So I went back to school to get my paralegal certificate, unaware until halfway through the program of the near-impossibility of actually getting a paralegal job in this town.
Flash forward to today. I had a job interview yestrday through a placement service and was supposed to hear today. Didn’t hear anything so I called the agency. The agent tells me the interviewer told her that everything was great, he liked me a lot but he’s on the fence about hiring me because, with my paralegal certificate, he thinks I’ll get a paralegal job and quit. The agent puts me in the humiliating experience of explaining that I won’t quit to take a paralegal job because I can’t get a paralegal job.
Now that I’ve been humiliated I’m back to waiting to hear. Supposed to hear before 5:00 today but that obviously didn’t happen.
Dude, I don’t think you’re the one with the problem or any explaining to do: potential employers who second-guess your motives SUCK. If the interviewer had any question about your future professional plans, they should have asked you about it during your interview (or in a follow-up).

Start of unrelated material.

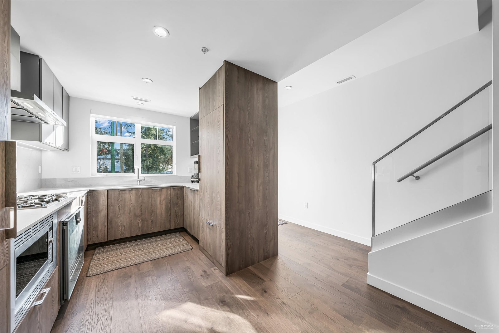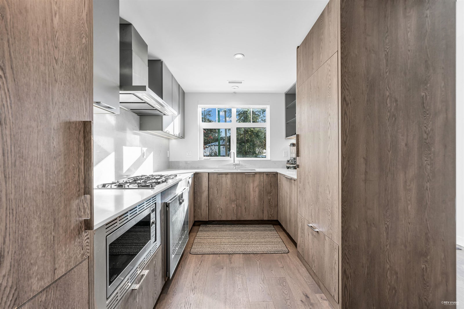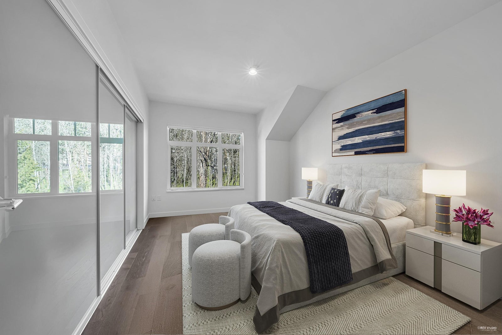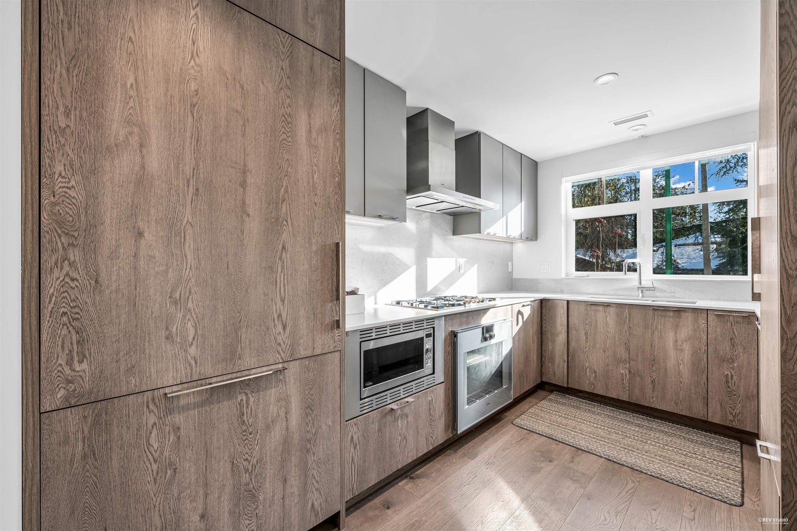 Welcome to Unit 4 at Holland Row—a rare opportunity to own a riverfront townhome in this exclusive 23-home community. This 4-bedroom residence offers the feel of a single-family home, featuring a spacious primary suite with double closets, stunning Capilano River views, and a spa-inspired ensuite with heated floors, a seamless glass shower, and double vanity. The high-end kitchen is equipped with integrated Gaggenau appliances, setting the tone for luxury. Accordion-style doors open to a private patio, seamlessly blending indoor and outdoor living. With both street-level and private garage entry, plus easy access to trails, cafes, transit, and shopping, this is North Vancouver living at its finest.

I know that some employers have been burned in the past and feel that they have a right to be paranoid, but stick it out: I think you’ll be happier with an employer who grants you the benefit of the doubt from the get-go.
Yeah, I’m with Misnomer. It’s the worst possible thing to hear when you’re looking for work, but there are indeed jobs that you’re better off not having. The short-term necessity of having income again is definitely a big deal, but there is a much longer-term cost to your SOUL that comes from working at a place where management is so paranoid and you’re going in with a perceived strike against you.
If you keep hearing that you’re over-qualified, it sounds like this headhunter/job placement person isn’t finding the right positions for you. Can you switch to a different one? Are these temp jobs? A friend of mine is using a head-hunter to keep him in temp work while he looks for a “real” job on his own.
Their still having phone problems so I emailed my contact, who tells me that the job is mine if I want it, except oh, we offered you an afternoon schedule (4 10-hour days, 10AM-8PM which while not ideal is doable) but in the intervening 24 hours the company has had “staffing needs changes” and now if you want the job you’ll be working 2PM to midnight and still only four days a week.
The phrase “bait and switch” comes to mind. As does the phrase “evil mother fuckers.”
I ever-so-politely declined the bullshit hours change and ever-so-politely asked about other available postings, all the while trying very hard to remember that thing about not burning bridges and not including words and phrases like “horseshit” and “waste my time” and “what the hell is wrong with you that you think you can fuck with my life like this?”
We are the Big Giant Evil Corporation. You’re just some person. If you won’t eat it raw, perhaps we can find someone else who will.
And we’d be fools not to try and see if we couldn’t GET you to eat it raw.
Of course, this also tells YOU something about our ideas of personnel management, but you’re just some person, and therefore couldn’t possibly be bright enough to figure that out…
Otto, I didn’t know you were looking for a paralegal job. There’s been a paralegal opening at the company where I work for a few weeks. I don’t think they’ve filled it (since it’s still showing on our intranet) and the hiring process can be really slow and painful, but I can send you the job description tomorrow if you want. I don’t know anything about how the legal dept. is but, in general, it’s a pretty decent place to work. Very flexible, people aren’t constantly looking over your shoulder, etc. They offer domestic partner benefits, too.
Slight tangent, and just out of curiousity, but why is it so hard to get a paralegal job in Madison? If you’ve already discussed this in another thread just point me at it…
Because we have a law school here, and people who come to Madison for law school often decide to stay here. Law firms, given the choice of hiring an actual lawyer as a clerk versus hiring a paralegal, will often go with the lawyer both because of the broader range of tasks the lawyer can do and the higher rate a lawyer can be billed ($100/hr for a lawyer as opposed to $50/hr for a paralegal). So those firms that do hire paralegals or legal secretaries have their choice. Add that to a total lack of experience when they’re looking for people with two years or more of experience and trying to get a paralegal job in this town is largely a waste of time.